▶ _Stored data_

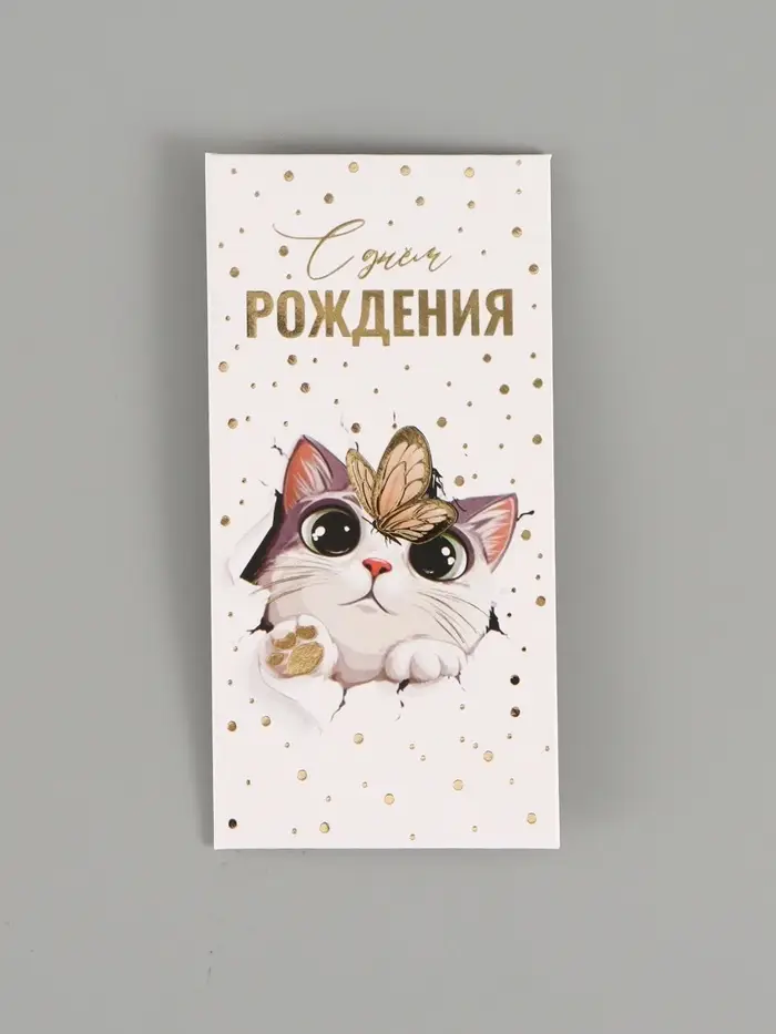 Конверт для денег «Котик», тиснение, 16,5 х 8 см
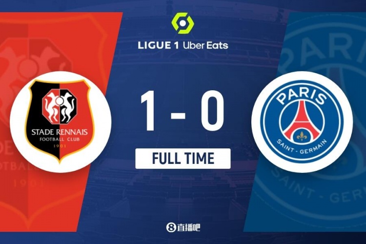 全场比赛结束,巴黎0-1雷恩。
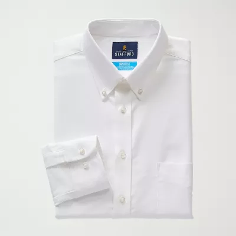 Deemed a Gotta-Have-It item for value you can count on every day! Style and performance meet in this Stafford Coolmax men's dress shirt. This long-sleeve button-down is cut for a regular-fit from wrinkle-free stretch-cotton and features moisture-wicking properties to keep you cool and confident all day. Team it with a pair of suit pants.

▶ _Instructions for the task_
Please retype the data exactly, but do not carry over any picture.

▶ _Output below_
 Конверт для денег «Котик», тиснение, 16,5 х 8 см
 全场比赛结束,巴黎0-1雷恩。
 Deemed a Gotta-Have-It item for value you can count on every day! Style and performance meet in this Stafford Coolmax men's dress shirt. This long-sleeve button-down is cut for a regular-fit from wrinkle-free stretch-cotton and features moisture-wicking properties to keep you cool and confident all day. Team it with a pair of suit pants.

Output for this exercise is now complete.